# TASK STATEMENT:
Lower down are entries containing pictures. Copy exactly, without those pictures, the lines from the line with "Als Dank für" through the line with "本次为特色主题酒店装修设计项".

# RECORD EXCERPTS:
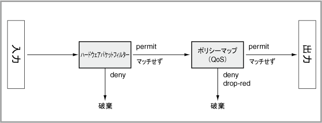 Note - 同一ポート上において、ハードウェアパケットフィルターとポリシーマップを併用している場合、該当ポートで受信したパケットの処理はハードウェアパケットフィルター、ポリシーマップの順に行われます。両方を通過しないとパケットは出力されません。
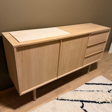Vært et favorittmøbel her i huset, da den har mye lagringsplass i seg, samtidig som at den er et fint møbel. Små bruksmerker på to hjørner som lett kan fikses med lakk.
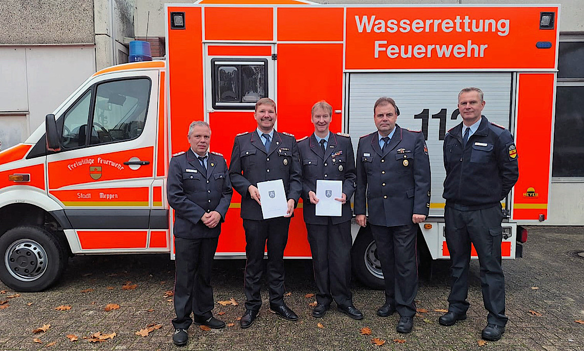 Als Dank für die Dienste als Feuerwehrlehrtaucher wurden Stefan Bussmann (Alfhausen) und Klaus Berentzen (Haren) mit dem Ehrenzeichen in Silber des Nds. Feuerwehrverbandes geehrt. Die Ehrung nahm der Vorsitzende des Feuerwehrverbandes Altkreis Meppen e.V. Wolfgang Veltrup vor.
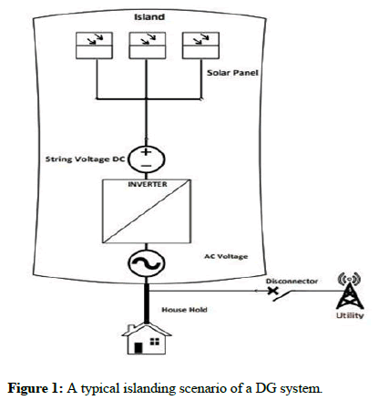 Today, a considerable portion of distributed generation source are classified as renewable source including photo voltaic arrays system, mini hydro power plants, and wind energy conversion systems. The reason why renewable energy based distributed generation systems have become popular in recent years is because they improve the energy security of an area since renewable energy is locally available. However, there may be number of operational difficulties associated with connecting DG systems to the electricity grid. Islanding detection is one such challenges. Argue that islanding occurs when a DG system loses contact with the rest of the power grid (140). Due to the potentially terrible consequences of islanding, DG interconnection standards like IEEE 1547 require the use of a reliable and rapid islanding detection method [2]. Passive monitoring has mainly been used in the monitoring of energy frequency and voltage in conventional islanding techniques (Figure 1).
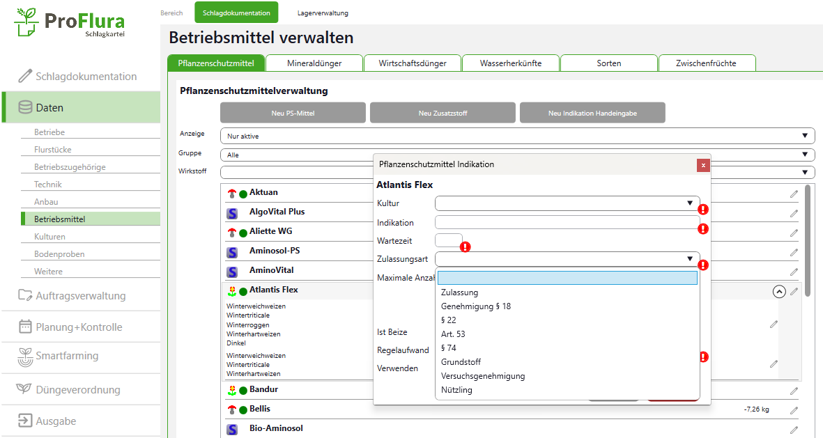 Stellen Sie sich vor: Bisher müssen sie sich merken, welche Arbeiten sie wann, wo und wie ausgeführt haben und dokumentieren wollen. Wir haben es umgedreht: ProFlura sagt ihnen, wann, wo und was sie auf welchen Schlägen an Arbeiten ausgeführt haben. Einfach starten, kontrollieren, finalisieren und auswerten.
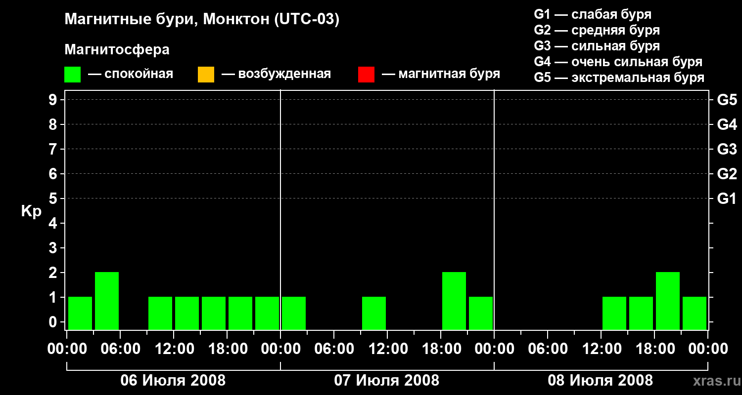 Магнитные бури в Монктоне — 8 июля 2008 года
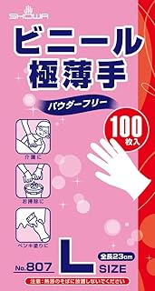 ショーワグローブ 【使い捨て手袋】No.807 ビニール極薄手(パウダーフリー) 100枚入 Lサイズ 1函
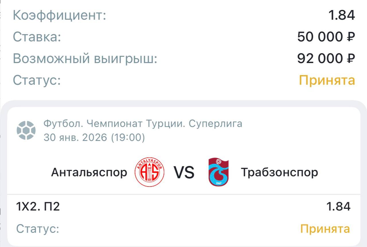 Сделка обоснована пересечением трех трендов: мотивация фаворита, историческое "клиентство" Антальяспора и отличная выездная модель игры Трабзонспора. Эмоции отключены, цифры подтверждают вход.
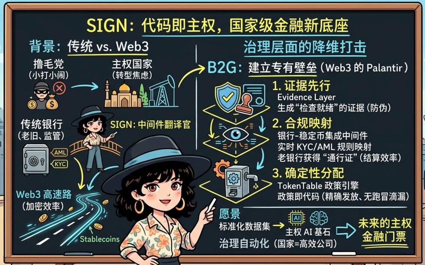 现在的局势很有意思,中东这些主权国家正处在一个极度的“转型焦虑”中。他们不想只做石油的搬运工,他们想把国家整体数字化。SIGN 真正聪明的地方在于,它不指望政府一夜之间变天,而是承认政府的“守门人”地位,通过 B2G(企业对政府)的逻辑,把加密基建变成政府治理的工具。说白了,SIGN 做的不是“反抗者”的游戏,而是“建设者”的升级。
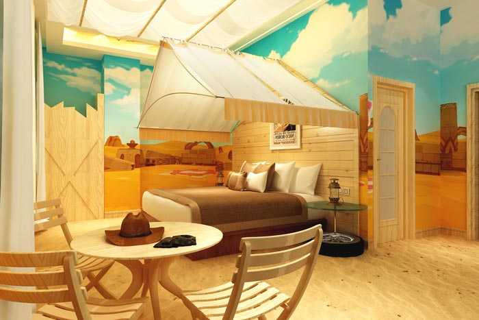 本次为特色主题酒店装修设计项目,设计师在与客户的交流中,了解到客户希望营造一个不一样的空间格局,因为在客户看来现在国内的酒店大部分都是中规中矩的,所以客户希望走一条别具一格的路线,为客户带来不一样的体验与氛围,让客户每一次到来都是满怀期待。
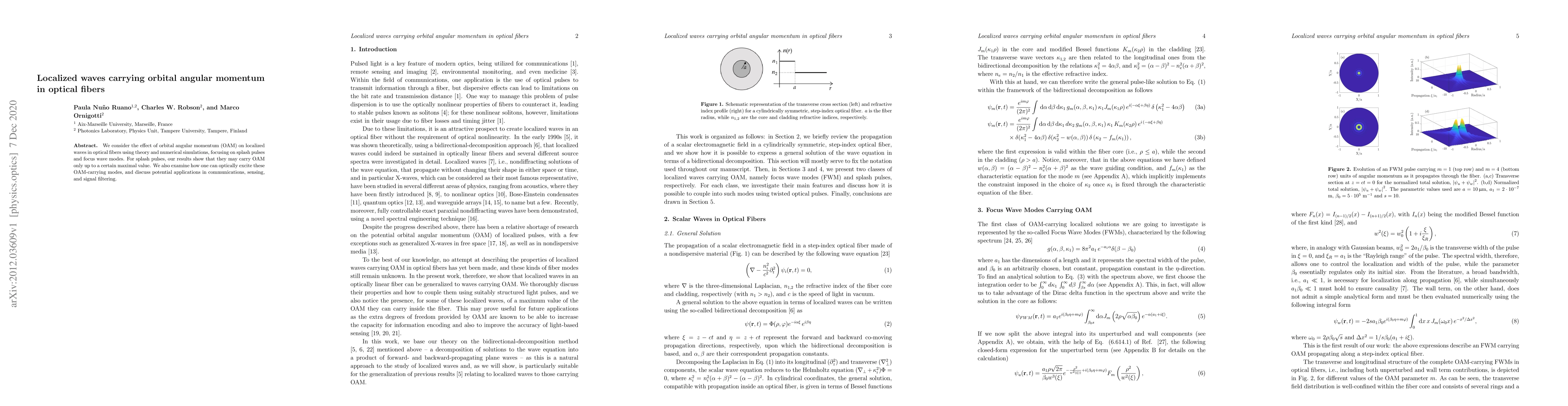 This paper explores how orbital angular momentum affects localized waves in optical fibers, particularly splash pulses and focus wave modes, and demonstrates that these waves can carry OAM up to a maximal value. It also investigates methods for optically exciting these modes and discusses their applications in communications, sensing, and signal filtering.

# ANSWER AREA:
 Als Dank für die Dienste als Feuerwehrlehrtaucher wurden Stefan Bussmann (Alfhausen) und Klaus Berentzen (Haren) mit dem Ehrenzeichen in Silber des Nds. Feuerwehrverbandes geehrt. Die Ehrung nahm der Vorsitzende des Feuerwehrverbandes Altkreis Meppen e.V. Wolfgang Veltrup vor.
 Today, a considerable portion of distributed generation source are classified as renewable source including photo voltaic arrays system, mini hydro power plants, and wind energy conversion systems. The reason why renewable energy based distributed generation systems have become popular in recent years is because they improve the energy security of an area since renewable energy is locally available. However, there may be number of operational difficulties associated with connecting DG systems to the electricity grid. Islanding detection is one such challenges. Argue that islanding occurs when a DG system loses contact with the rest of the power grid (140). Due to the potentially terrible consequences of islanding, DG interconnection standards like IEEE 1547 require the use of a reliable and rapid islanding detection method [2]. Passive monitoring has mainly been used in the monitoring of energy frequency and voltage in conventional islanding techniques (Figure 1).
 Stellen Sie sich vor: Bisher müssen sie sich merken, welche Arbeiten sie wann, wo und wie ausgeführt haben und dokumentieren wollen. Wir haben es umgedreht: ProFlura sagt ihnen, wann, wo und was sie auf welchen Schlägen an Arbeiten ausgeführt haben. Einfach starten, kontrollieren, finalisieren und auswerten.
 Магнитные бури в Монктоне — 8 июля 2008 года
 ショーワグローブ 【使い捨て手袋】No.807 ビニール極薄手(パウダーフリー) 100枚入 Lサイズ 1函
 Сделка обоснована пересечением трех трендов: мотивация фаворита, историческое "клиентство" Антальяспора и отличная выездная модель игры Трабзонспора. Эмоции отключены, цифры подтверждают вход.
 现在的局势很有意思,中东这些主权国家正处在一个极度的“转型焦虑”中。他们不想只做石油的搬运工,他们想把国家整体数字化。SIGN 真正聪明的地方在于,它不指望政府一夜之间变天,而是承认政府的“守门人”地位,通过 B2G(企业对政府)的逻辑,把加密基建变成政府治理的工具。说白了,SIGN 做的不是“反抗者”的游戏,而是“建设者”的升级。
 本次为特色主题酒店装修设计项目,设计师在与客户的交流中,了解到客户希望营造一个不一样的空间格局,因为在客户看来现在国内的酒店大部分都是中规中矩的,所以客户希望走一条别具一格的路线,为客户带来不一样的体验与氛围,让客户每一次到来都是满怀期待。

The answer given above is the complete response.